SZENE HAMBURG: Boris, Fettes Brot ist gerade erst Geschichte, da kommst du mit einem neuen Soloalbum um die Ecke. Von langer Hand geplant oder erst nach Band-Ende richtig daran losgearbeitet?
König Boris: Die ersten Songs habe ich während der Corona-Zeit geschrieben, als alles brach lag. Als sich dann irgendwann herauskristallisierte, dass wir Fettes Brot auflösen, war die Band auch erst mal mein Fokus. Nach der Auflösung hatte ich dann Zeit, alles zu Ende zu bringen – und jetzt geht es richtig los.
War schnell klar, wo die Reise musikalisch und textlich hingehen sollte?
Wie viele andere bin ich während Corona viel spazieren gegangen. Ich bin quer durch die Stadt, an bekannten und für mich neuen Gegenden vorbei. Alles menschenleer – wodurch mir sehr deutlich wurde, was alles fehlte und was normalerweise an den Orten los ist. Das war der Auslöser, mich textlich mit dem Thema Stadt zu beschäftigen, also mit den ganzen kleinen und großen Geschichten, die in einer Stadt so passieren – mal ganz dicht dran, mal von weiter weg gezoomt. Und musikalisch habe ich mich am UK-Sound der 90er orientiert. Allerdings nicht dogmatisch, ich hab durchaus auch modernere Einflüsse zugelassen.
Ich sehe ich auch sehr deutlich, was hier nicht gut läuft
König Boris
„Disneyland After Dark“: Eine Überraschung für die Ex-Kollegen
Nicht, dass Fettes Brot neben viel Humor nicht auch Ernstes zu bieten hatten: Aber „Disneyland After Dark“ ist textlich schon vergleichsweise sehr nachdenklich …

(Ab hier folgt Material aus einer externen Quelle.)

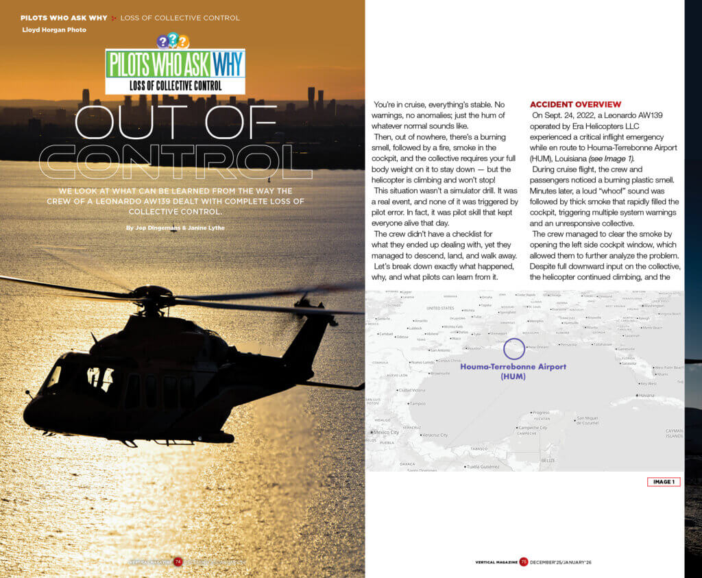 • How the crew of an AW139 dealt with complete loss of collective control.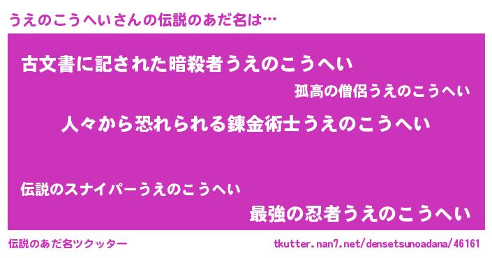 | 意味不明あだ名 | 『住所不定無職うえのこうへい(95歳)』 |

… und etwas düsterer. Die Geschichten, die ich erzähle, sind auch alles meine Geschichten. Ich bin immer viel in der Stadt unterwegs, so entsteht eine Mischung aus selbst Erlebtem und Beobachtungen. Ein Song wie „Stadtratte“ ist komplett aus der Ich-Perspektive erzählt, „Alle wach“ dagegen aus der Beobachterrolle. Dazwischen pendelt es hin und her. Die Tatsache, Teil des Ganzen zu sein, und der Blick in die nicht so gut ausgeleuchteten Teile der Stadt, faszinieren mich gleichermaßen.
In „Beste“, dem finalen Stück auf dem Album, beschreibst du Hamburg mit all seinen Facetten, von Elbphilharmonie bis Randale in der Schanze. Auf einer Skala von eins bis zehn, wenn zehn am zufriedensten ist: Wie gefällt dir der Hamburger Status quo?
Das ist sehr schwierig zu beantworten. Einerseits habe ich eine große Zuneigung zu Hamburg wegen der Menschen, Orte und Erlebnisse, die ich mit dieser Stadt verbinde. Andererseits sehe ich auch sehr deutlich, was hier nicht gut läuft. Der Wohnungsmarkt, die Verkehrspolitik, das Clubsterben: Ich könnte sehr viele Sachen aufzählen, mit denen ich nicht einverstanden bin. Aber Hamburg ist nun mal mein Zuhause, da kann ich nicht objektiv Punkte verteilen.
Nervt dich vielleicht, aber die Frage drängt sich auf: Wie finden die beiden anderen Ex-Brote die Songs auf „Disneyland After Dark“? Schon Feedback eingeholt?
Hahaha! Für die ersten Stücke bin ich sehr gelobt worden, was mich wirklich gefreut hat, aber den Rest kennen sie noch nicht. Der eine will sich überraschen lassen und mit dem anderen habe ich noch kein Date zum Vorspielen gefunden.
„Disneyland After Dark“ erscheint am 26. April 2024 (Buback/Indigo) Live gibt’s König Boris auch am 26. April um 20 Uhr im Uebel & Gefährlich zu erleben
Fettes Brot ist Hi(t)story
Im September 2023 verabschiedete sich einer der erfolgreichsten HipHop-Bands Deutschlands mit zwei großen Konzerten auf der Hamburger Trabrennbahn von der Bühne: König Boris und Fettes Brot waren Hi(t)story. SZENE HAMBURG sagten sie damals, ihre Fans sollten diesen beiden Abenden „nochmal ihre Jugend erleben“. Das machten beim „Brotstock-Festival“ am Ende rund 50.000 Fans – der Abschied von einer erfolgreichen Band mit Haltung war ein großer.
Dieses Interview ist zuerst in SZENE HAMBURG 04/2024 erschienen.